Fully Convolutional Network Only Predicts One Class

3,264 views
Skip to first unread message

Gavin Hackeling

unread,
Jul 6, 2015, 6:35:22 PM7/6/15
to caffe...@googlegroups.com
Hi all,

I am trying to use a fully convolutional network for semantic image segmentation.

I am using the same network architecture as FCN-32s https://gist.github.com/shelhamer/80667189b218ad570e82#file-readme-md, with the exception that I have changed the `num_output` in the `upscore` and `score59` layers and that I am training on images with dimensions 300x300. Here are my train_val.prototxt and my deploy.prototxt.
I am not fine-tuning as my GPU has insufficient RAM. I am training the network with solve.py, except that I am not loading the VGG16FC weights.
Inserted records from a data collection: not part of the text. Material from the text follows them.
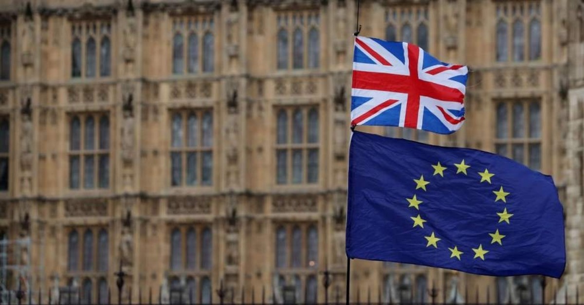 An anti-Brexit activist waves a Union and a European Union flag while demonstrating outside the Houses of Parliament in central London, Jan. 23, 2019. (AFP Photo)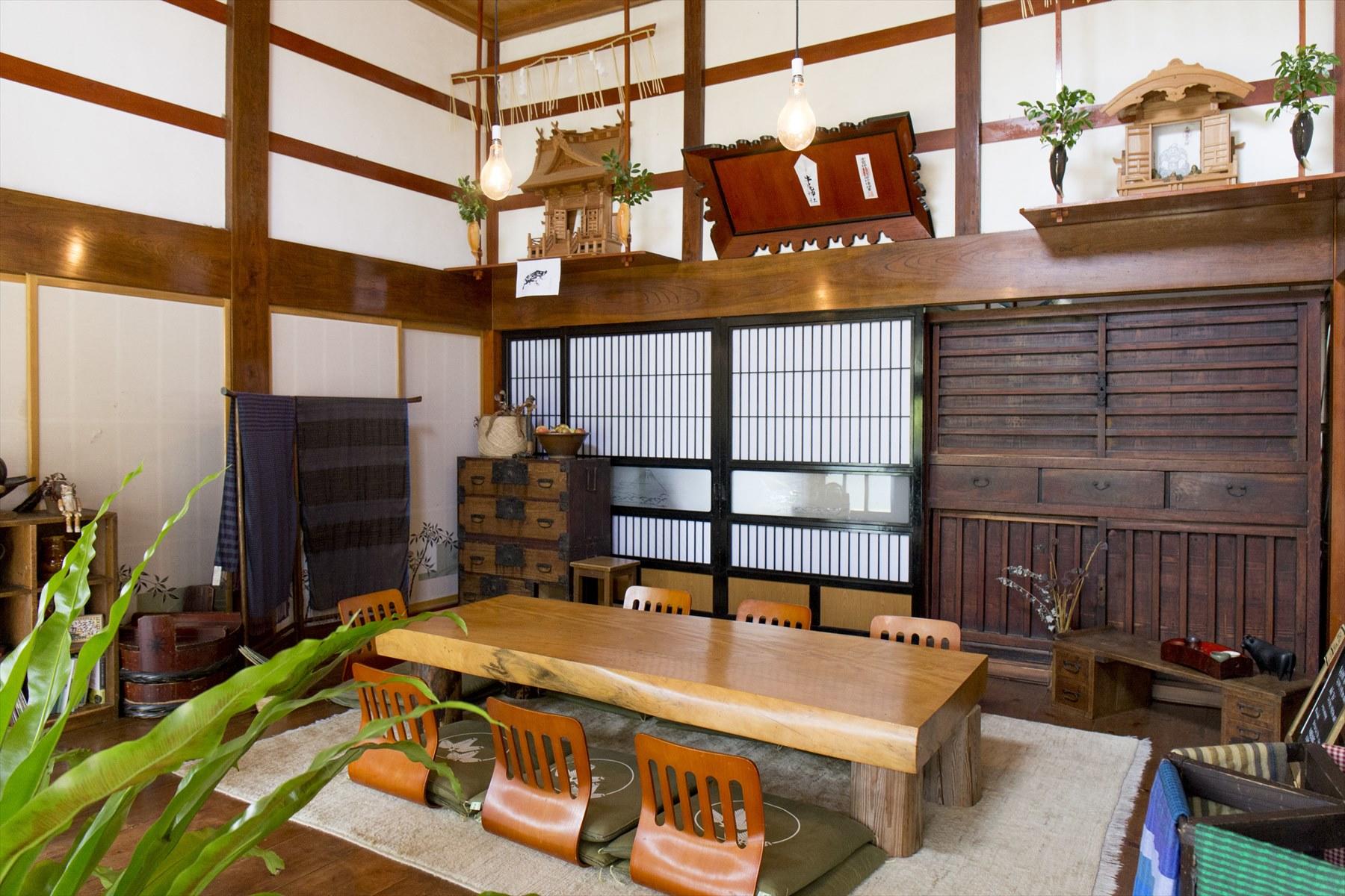 小物をディスプレイする棚は廃校になった小学校のランドセル入れ。もともと畳敷きだった居間の床板をはがして土間にした空間。そこに置かれるテーブルは、この古民家で穀物を納めるために使われていた「せいろ板」で制作。蕎麦をゆでる道具たちもまた、佐渡の職人が地元の竹でつくったものである。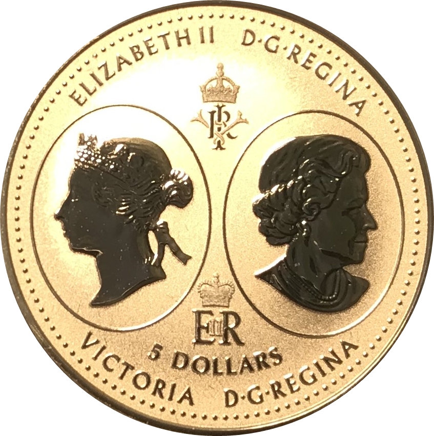 Описание: Изображения королевы Виктории, выполненные Леонардом Чарльзом Уайоном, и Ее Величества королевы Елизаветы II, выполненные Сюзанной Блант, вместе с королевским шифром каждого монарха.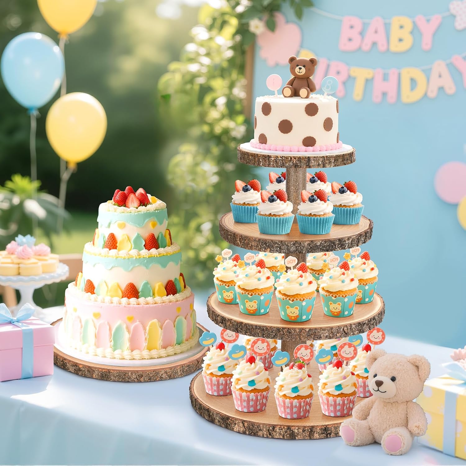 - Rustic cupcake tower : cupcake tier stand Made from natural Paulownia wood, the cupcake stand retains the real bark, and each wooden tray has annual ring wood grain, woodland themed party must haves for hosting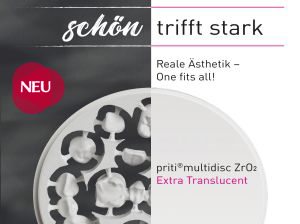 „Was macht priti®multidisc ZrO2 Multi Translucent PLUS so besonders?“ Dem Trend folgend, ein Rohling der im Schmelz und im Körper die positiven Eigenschaften der bereits etablierten Zirkonoxidqualitäten 4Y-TZP und dem hochtransluzenten 5Y-TZP vereint.

I am using a web app with this library to produce the training data. I am following these instructions to export the segmentation data as JSON, and then converting the JSON to .mat with this script. I then use this script to produce the LMDBs. Before serializing the datum to a string, the images are uint8 NumPy arrays containing the integers [0, 8] with the shape (1, 300, 300).

I've tried evaluating the network after 100-40,000 iterations with eval.py, modified to use the correct deploy.prototxt and weights; only zeros are predicted. I believe that I am producing the LMDBs correctly; I suspect that the convolution parameters of my [de]convolution layers need to be changed to accommodate the change in the image sizes.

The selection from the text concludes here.